Скилдин усмехнулся, подпер щеку кулаком.
— А ты пользуешься тем, что парень считает недостойным не сдержать своего слова, — продолжал Стайнберг. — Вот у него с одной стороны — данное тебе обещание, опрометчивое обещание, а с другой — любимая семья, отец в предынфарктном состоянии…
— Который только что на моих глазах глушил коньяк? — весело уточнил Скилдин.
— Ну, ты же понимаешь, я образно говорю.
— Моей младшей дочери пять лет, — задушевным тоном сказал Скилдин. — Прихожу я как-то с работы, и захотелось мне конфетку. Я сладкоежка, — уточнил он. — И конфеты у меня дома есть всегда. Сунулся — нету. Точно помню, что накануне полная ваза была. Спрашиваю у дочери — где? А дочь в тот день впервые в жизни на три часа дома без присмотра осталась. Она мне и рассказывает. Мол, ворвались в квартиру венколы, человек двадцать. Схватили ее, заперли в ванной, а сами по квартире шуровали. Она потом сумела замок изнутри открыть, вышла, а тут я с работы пришел. Я, понятно, сделал вид, что поверил. Пожалел ее, поругался на гадов-венколов, которые сперли мои любимые конфеты. Ну а потом, конечно, осторожно ей объяснил, что конфет мне не жалко, мне жалко того, кто в один присест такое количество умял, ведь живот болеть будет.
— Ну и к чему ты это рассказал? — спросил Стайнберг.
— К тому, что от вранья всегда живот болит.
— Угрожаешь?
Скилдин встал:
— Нет. Представь себе, не угрожаю. Просто читаю немудреную мораль. Я постоянно ее читаю. Вот всякий раз, когда мне присылают очередную партию уголовников, я их встречаю — и первым делом читаю мораль. Объясняю людям то, что им никто не объяснял: все беды под солнцем от вранья и трусости происходят. И, знаешь, что я тебе скажу? Помогает мораль-то.

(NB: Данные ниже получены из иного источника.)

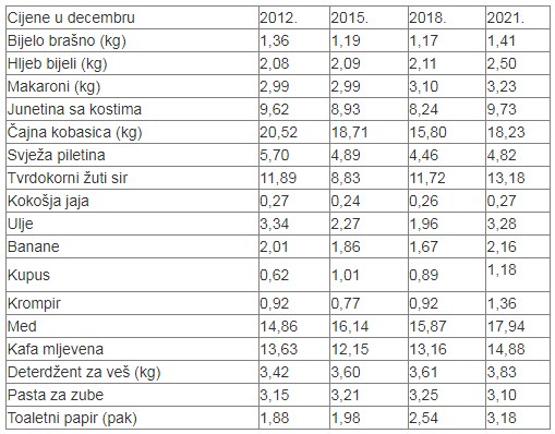 Od 2012. (za koju su dostupni podaci za Republiku Srpsku) nikad skuplji nije bio hljeb nego što je sada, pa i tjestenina, te neke vrste svježeg mesa, dok su, istina, druge vrste mesa pojeftinile.
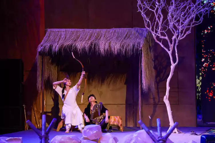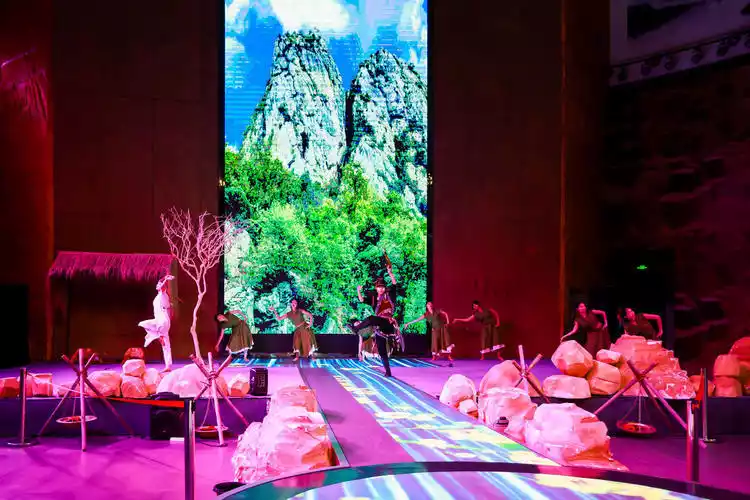 Anyone who has visited Yao Xiangguo will undoubtedly be deeply impressed by the San'a Love Theater's performance of "Young Emperor Yao." Set against the backdrop of primitive tribal life during the Yao and Shun eras, the four-act play, titled "The Birth of Emperor Yao," "Raising Emperor Yao in Taji," "Farewell to His Son in Qingdu," and "Huo De Becomes Emperor," vividly depicts the story of Emperor Yao's birth and growth in San'a, located on the south bank of the Huai River (present-day Taji Town, Jinhu Lake).

Пошел к двери, уже взялся за ручку, когда Стайнберг невинным голоском обронил:
— А лихо ты все это придумал.
— Что именно? — Скилдин обернулся.
— Да все. Я только сейчас вспомнил, что ты когда-то пытался заняться информатикой. Принес диссертацию, и очень расстроился, когда ученые разнесли твои предположения в пух и прах. А там, между прочим, было все, что мы в последнее время и наблюдали: женщина-“рут”, переход из антирежима в пост, почти трехкратное повышение ступени… И я вот тут подумал: а ведь катастрофа четвертого августа была идеальным фоном для наглядной демонстрации “истинности” твоих идей. Ну как еще привлечь внимание всего мира к себе, если не воспользоваться моментом? Вот ты и повесил на девушку свое собственное отражение, а Цыганкову и Моравлину просто подправил показания приборов. И все убедились! Я вот думал — ну зачем же ты приехал ко мне? Да чтоб услышать от меня, что я был неправ, обвинив тебя двадцать лет назад в незнании информатики! Только и всего. И корректировщиков — с появлением которых ты нас поздравил первым делом, — ты спешно забираешь с Земли только лишь для того, чтоб подлог не раскрылся.